(Source material)
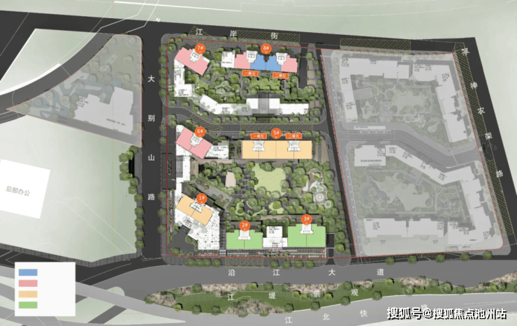 武汉城建启元坐落于江岸街 1 号,地理位置得天独厚。项目距离长江仅约 100 米左右,是名副其实的一线临江楼盘。其一期规划独具匠心,7 栋住宅巧妙地分置于南北两个地块,中间由公共通道自然隔开。南侧地块的 5 栋楼与北侧地块的 2 栋楼,布局错落有致。尤其是最南向的 3 栋楼,拥有无高层遮挡的一线观江视野,住宅楼栋面江由低到高依次排布,这
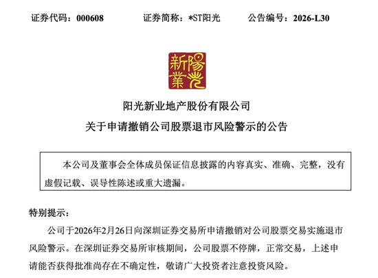 2月26日,*ST阳光(000608)公告,公司已向深交所提交了关于撤销对公司股票交易实施退市风险警示的申请。
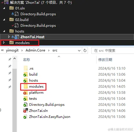添加 modules 文件夹及解决方案文件夹,存放模块代码
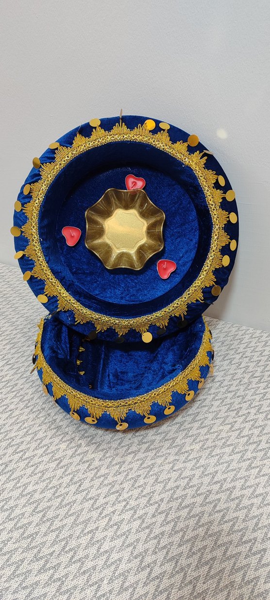 Lacivert Kadife Süslemeli gelin kına sepeti
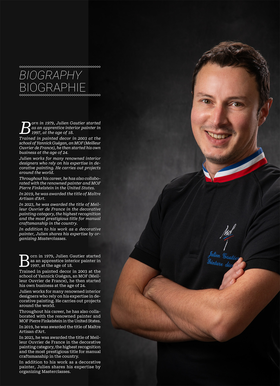 30 Step-by-Step Panels Using a Water-Based Technique Julien Gautier, Decorative Painter - Master Artisan - Awarded MOF (Meilleur Ouvrier de France) in 2023, will teach you in this book traditional marbling techniques using today’s products.
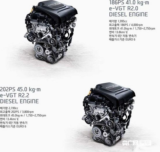 動(dòng)力系統(tǒng)方面,韓國(guó)方面新車將推出5款車型,提供兩款柴油動(dòng)力,2.0T版本最大輸出功率為186馬力,2.2T最大輸出功率為202馬力,兩款發(fā)動(dòng)機(jī)都將滿足歐六排放標(biāo)準(zhǔn)。
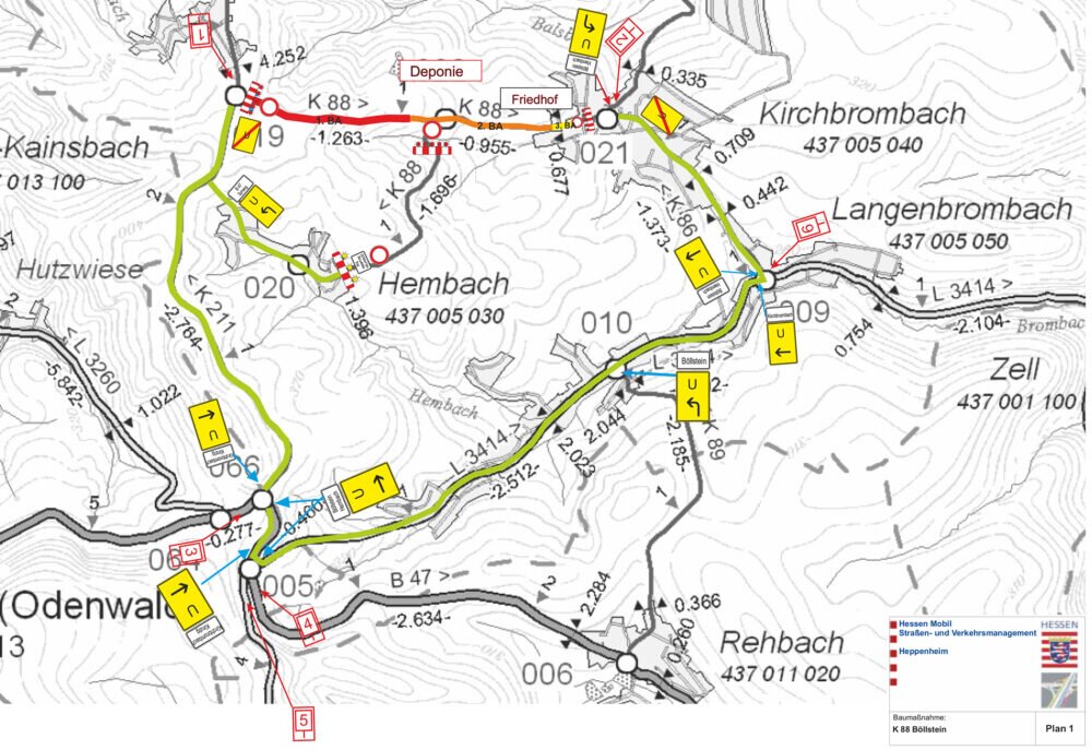 Am kommenden Dienstag, 14. April, beginnt Hessen Mobil mit den Bauarbeiten zur Erneuerung der Fahrbahn der Kreisstraße K 88 auf einer Länge von rund 2,2 Kilometern in der Gemeinde Brombachtal. Im Rahmen der Bauarbeiten erfolgt eine Sanierung der maroden Fahrbahn der Kreisstraße im Streckenabschnitt zwischen Böllstein und der Einmündung in die K 86 (Schulstraße) in Kirchbrombach.
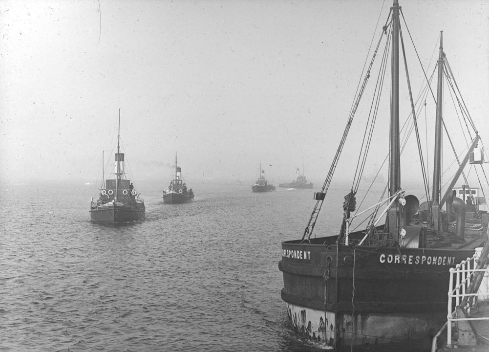 Вид на караван судов в море. На переднем плане справа у причала пароход «Correspondent». 23 августа - 1 сентября 1914 г.
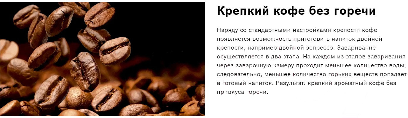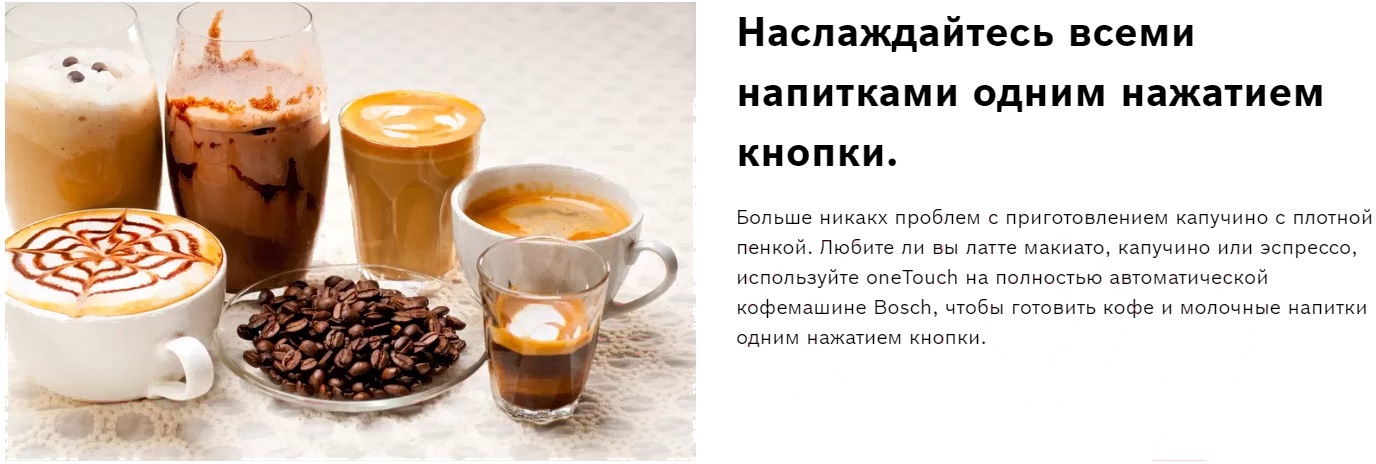 Кофемашина Vero Barista Bosch TIS65429RW Крепкий кофе без горечи Наряду со стандартными настройками крепости кофе появляется возможность приготовить напиток двойной крепости, например двойной эспрессо. Заваривание осуществляется в два этапа. На каждом из этапов заваривания через заварочную камеру проходит меньшее количество воды, следовательно, меньшее количество горьких веществ. Интеллектуальная система нагрева воды: полное извлечение аромата кофейных зерен благодаря SensoFlow Интеллектуальная система нагрева воды с сенсорами температуры доводит воду до оптимальной температуры 90°C - 95°C за рекордно короткое время и поддерживает ее неизменной в течение всего процесса заваривания. Одно нажатие кнопки - две чашки кофе С системой Bosch OneTouch DoubleCup кофейно-молочные напитки теперь готовятся еще быстрее и удобнее. Все напитки могут быть приготовлены сразу для двух чашек одновременно. Больше не нужно ждать, готовьте ваш любимый кофе для двоих. Наслаждайтесь всеми напитками одним нажатием кнопки Больше никакх проблем с приготовлением капучино с плотной пенкой. Любите ли вы латте макиато, капучино или эспрессо, используйте OneTouch на полностью автоматической кофемашине Bosch, чтобы готовить кофе и молочные напитки одним нажатием. Автоматическая очистка молочной системы для идеальной гигиены Попрощайтесь с хлопотами по очистке молочной системы каждый день. AutoMilk Clean полностью автоматически очищает систему паром, поддерживая ее в чистоте и гигиеничности. Тщательная очистка молочной системы после каждого приготовления напитка. Керамическая мельница Кофемолка с жерновами из высококачественной керамики работает практически бесшумно и обеспечивает качественный помол кофейных зерен. Дополнительная изоляция отсека не только снижает уровень шума работающей кофемолки, но и повышает ее герметичность, сохраняет аромат кофейных зерен. Давление- 15 бар Мощность- 1500 Вт Одновременное приготовление для 2-х чашек ? Возможность использования высоких стаканов ? Регулировка температуры напитка — Емкость для воды- 1.7 л Отсек для кофейных зерен- 300 г Отсек для молотого кофе ? Материал жерновов- Керамика Регулируемая степень помола- Многоступенчатая Система предварительного кипячения — Система предварительного перемалывания — Разборный капучинатор ? Съемный заварочный блок ? Съемный отсек для кофейной гущи ? Автоматического ополаскивание ? Автоматическое отключение дисплея- 30 мин Установка- Отдельностоящая Серия- Vero Barista 400 Защита от детей ? Home Connect — Цвет- Черный Страна производства- Словения Приготовление напитков: Эспрессо ? Эспрессо маккиато ? Американо ? Кофе ? Кофе с молоком ? Флэт уайт ? Капучино ? Латте маккиато ? Молочная пена ? Теплое молоко ? Горячая вода ? Избранное ? Персональные рецепты —
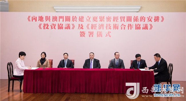 2017年12月18日拍攝的商務(wù)部與澳門特區(qū)政府《內(nèi)地與澳門關(guān)于建立更緊密經(jīng)貿(mào)關(guān)系的安排》(CEPA)下的《投資協(xié)議》和《經(jīng)濟(jì)技術(shù)合作協(xié)議》簽約儀式現(xiàn)場(chǎng)。新華社記者張金加攝
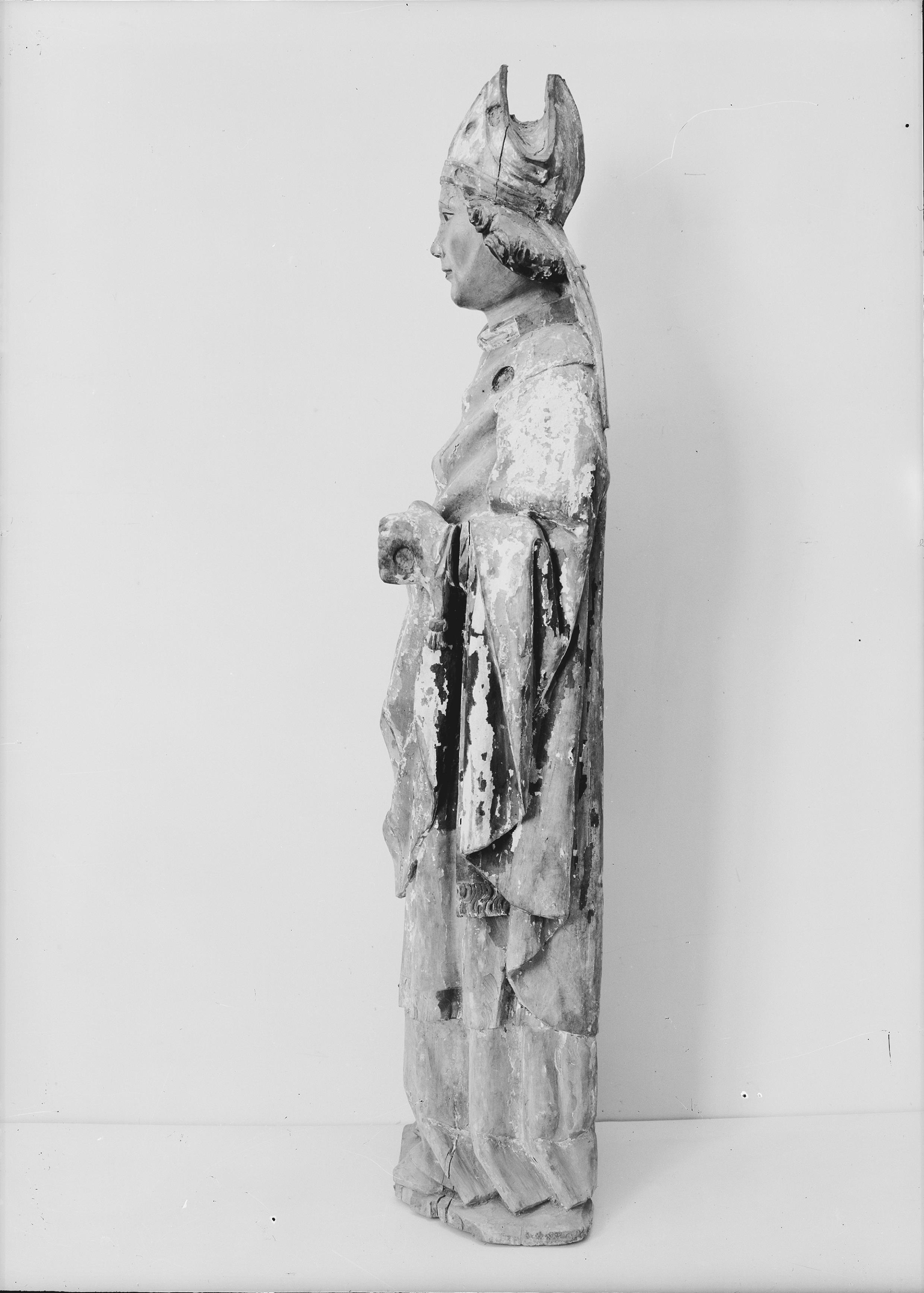 Skulptur, trä, helig biskop, slutet av 1400-talet, i profil.
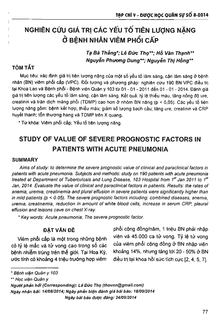 Nghiên cứu giá trị các yếu tố tiên lượng nặng ở bệnh nhân viêm phổi cấp
(End Source material)
Output every entry above exactly as written, but omit the pictures.

## Response for this exercise:
 武汉城建启元坐落于江岸街 1 号,地理位置得天独厚。项目距离长江仅约 100 米左右,是名副其实的一线临江楼盘。其一期规划独具匠心,7 栋住宅巧妙地分置于南北两个地块,中间由公共通道自然隔开。南侧地块的 5 栋楼与北侧地块的 2 栋楼,布局错落有致。尤其是最南向的 3 栋楼,拥有无高层遮挡的一线观江视野,住宅楼栋面江由低到高依次排布,这
 2月26日,*ST阳光(000608)公告,公司已向深交所提交了关于撤销对公司股票交易实施退市风险警示的申请。
添加 modules 文件夹及解决方案文件夹,存放模块代码
 Lacivert Kadife Süslemeli gelin kına sepeti
 30 Step-by-Step Panels Using a Water-Based Technique Julien Gautier, Decorative Painter - Master Artisan - Awarded MOF (Meilleur Ouvrier de France) in 2023, will teach you in this book traditional marbling techniques using today’s products.
 動(dòng)力系統(tǒng)方面,韓國(guó)方面新車將推出5款車型,提供兩款柴油動(dòng)力,2.0T版本最大輸出功率為186馬力,2.2T最大輸出功率為202馬力,兩款發(fā)動(dòng)機(jī)都將滿足歐六排放標(biāo)準(zhǔn)。
 Am kommenden Dienstag, 14. April, beginnt Hessen Mobil mit den Bauarbeiten zur Erneuerung der Fahrbahn der Kreisstraße K 88 auf einer Länge von rund 2,2 Kilometern in der Gemeinde Brombachtal. Im Rahmen der Bauarbeiten erfolgt eine Sanierung der maroden Fahrbahn der Kreisstraße im Streckenabschnitt zwischen Böllstein und der Einmündung in die K 86 (Schulstraße) in Kirchbrombach.
 Вид на караван судов в море. На переднем плане справа у причала пароход «Correspondent». 23 августа - 1 сентября 1914 г.
 Кофемашина Vero Barista Bosch TIS65429RW Крепкий кофе без горечи Наряду со стандартными настройками крепости кофе появляется возможность приготовить напиток двойной крепости, например двойной эспрессо. Заваривание осуществляется в два этапа. На каждом из этапов заваривания через заварочную камеру проходит меньшее количество воды, следовательно, меньшее количество горьких веществ. Интеллектуальная система нагрева воды: полное извлечение аромата кофейных зерен благодаря SensoFlow Интеллектуальная система нагрева воды с сенсорами температуры доводит воду до оптимальной температуры 90°C - 95°C за рекордно короткое время и поддерживает ее неизменной в течение всего процесса заваривания. Одно нажатие кнопки - две чашки кофе С системой Bosch OneTouch DoubleCup кофейно-молочные напитки теперь готовятся еще быстрее и удобнее. Все напитки могут быть приготовлены сразу для двух чашек одновременно. Больше не нужно ждать, готовьте ваш любимый кофе для двоих. Наслаждайтесь всеми напитками одним нажатием кнопки Больше никакх проблем с приготовлением капучино с плотной пенкой. Любите ли вы латте макиато, капучино или эспрессо, используйте OneTouch на полностью автоматической кофемашине Bosch, чтобы готовить кофе и молочные напитки одним нажатием. Автоматическая очистка молочной системы для идеальной гигиены Попрощайтесь с хлопотами по очистке молочной системы каждый день. AutoMilk Clean полностью автоматически очищает систему паром, поддерживая ее в чистоте и гигиеничности. Тщательная очистка молочной системы после каждого приготовления напитка. Керамическая мельница Кофемолка с жерновами из высококачественной керамики работает практически бесшумно и обеспечивает качественный помол кофейных зерен. Дополнительная изоляция отсека не только снижает уровень шума работающей кофемолки, но и повышает ее герметичность, сохраняет аромат кофейных зерен. Давление- 15 бар Мощность- 1500 Вт Одновременное приготовление для 2-х чашек ? Возможность использования высоких стаканов ? Регулировка температуры напитка — Емкость для воды- 1.7 л Отсек для кофейных зерен- 300 г Отсек для молотого кофе ? Материал жерновов- Керамика Регулируемая степень помола- Многоступенчатая Система предварительного кипячения — Система предварительного перемалывания — Разборный капучинатор ? Съемный заварочный блок ? Съемный отсек для кофейной гущи ? Автоматического ополаскивание ? Автоматическое отключение дисплея- 30 мин Установка- Отдельностоящая Серия- Vero Barista 400 Защита от детей ? Home Connect — Цвет- Черный Страна производства- Словения Приготовление напитков: Эспрессо ? Эспрессо маккиато ? Американо ? Кофе ? Кофе с молоком ? Флэт уайт ? Капучино ? Латте маккиато ? Молочная пена ? Теплое молоко ? Горячая вода ? Избранное ? Персональные рецепты —
 2017年12月18日拍攝的商務(wù)部與澳門特區(qū)政府《內(nèi)地與澳門關(guān)于建立更緊密經(jīng)貿(mào)關(guān)系的安排》(CEPA)下的《投資協(xié)議》和《經(jīng)濟(jì)技術(shù)合作協(xié)議》簽約儀式現(xiàn)場(chǎng)。新華社記者張金加攝
 Skulptur, trä, helig biskop, slutet av 1400-talet, i profil.
 Nghiên cứu giá trị các yếu tố tiên lượng nặng ở bệnh nhân viêm phổi cấp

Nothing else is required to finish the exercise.